Our intel program strategy emphasizes our responsibility to deliver exceptional analysis that enables action, providing insights unique to our place as the lead intelligence agency operating domestically, getting that analysis in the hands of those who need it (whether that’s state and local law enforcement, academia, private industry, other government agencies, or foreign partners), and strategically embedding our personnel in the places where they can strengthen the connection between FBI intelligence and its consumers.

That brings me to the third lever in our intel strategy, training, which focuses on building on the multidisciplinary, team approach that’s so important to our work, emphasizing to our new agents that they’re collectors and consumers of intelligence—as well as investigators—and reinforcing the training our analysts, linguists, and professional staff receive to understand how their work feeds our operations.

The key to this is giving all our employees a common baseline so they can intuitively form cohesive teams and tap into the expertise of all job roles and, ultimately, understand how to apply the full range of our authorities and capabilities to ensure we’re leveraging everything we have in everything we do.

That’s the roadmap we’ll use to better position ourselves to meet our intelligence mission: to identify threats and opportunities, inform decision-making, and avoid surprise. It challenges all of us in the FBI—no matter what threat program we focus on—to think differently, work more closely together, and lean into all of our authorities and capabilities.

Election Year 

As I mentioned at the outset, one threat where an intelligence-driven, team approach is absolutely vital is the threat foreign adversaries pose to our free and fair elections.

The U.S. has confronted foreign malign influence threats in the past, but this election cycle, the U.S. will face more adversaries, moving at a faster pace, and enabled by new technology. Advances in generative AI [artificial intelligence], for instance, are lowering the barrier to entry—making it easier for both more and less-sophisticated foreign adversaries to engage in malign influence, while making foreign-influence efforts by players old and new more realistic and difficult to detect.

Defending against these evolving threats requires us all to be lashed tightly together to continue hitting these threats together, early and hard. For us at the FBI, that means close collaboration with intelligence professionals like you from all of our partner agencies—NSA [the National Security Agency], U.S. Cyber Command, CIA [the Central Intelligence Agency], etc. We’re also working with state and local policymakers and election authorities that oversee nearly all the actual running of elections in the U.S., as well as CISA [the Cybersecurity and Infrastructure Security Agency]. And, vitally, we’re working with the private sector, as well, where appropriate.

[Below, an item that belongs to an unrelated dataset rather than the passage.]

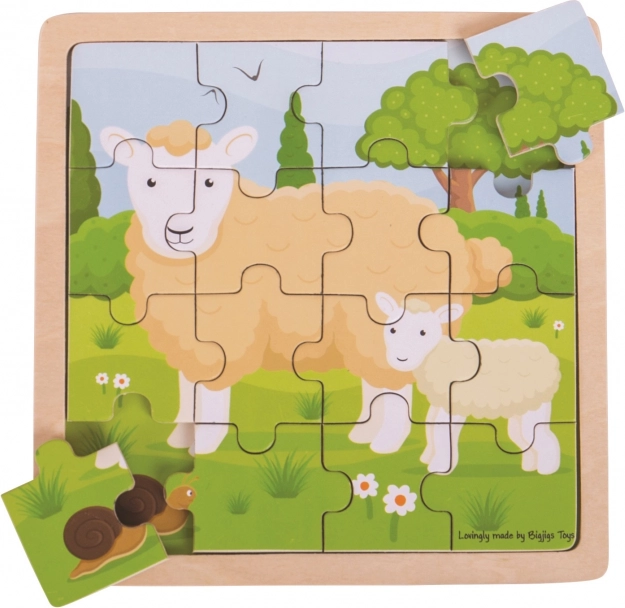 Questo puzzle in legno con cornice di BIGJIGS TOYS propone un tenero motivo di una pecora con il suo agnellino che conquisterà i bambini al primo sguardo. I pezzi si assemblano direttamente nella cornice su un fondo con lo stesso motivo, così l'immagine non si sposta e i bambini vedono facilmente dove va ogni pezzo.

In all these partnerships, we’re sharing information and creating a stronger joint defense so we can more effectively identify and disrupt any threats to our nation’s elections.

And, as intelligence professionals, we’ve got to highlight threats in specific, evidence-based ways so that we’re usefully arming our partners and, in particular, the public against the kinds of foreign-influence operations they’re likely to confront.

So, while the threats are moving faster and have grown more complex, I’m confident that our partnerships—across the government and the private sector—are better than ever, and that our combat-tempo response to election threats will remain as fast, well-coordinated, and skillful as ever.

Conclusion 

So, before I close, I just want to say once more how much I appreciate the partnerships represented here today. It’s one of our greatest advantages that we gather in settings like this to learn from each other and explore how we can get better, together—and that we look forward to doing it. And that’s not something, I bet, the Russian or Chinese services are doing. So, it’s in that spirit that I’m grateful for the opportunity to spend time with you this morning and to share how the FBI is ensuring we’re doing our part in contributing to our country and its security.

Thanks, and I look forward to our discussion.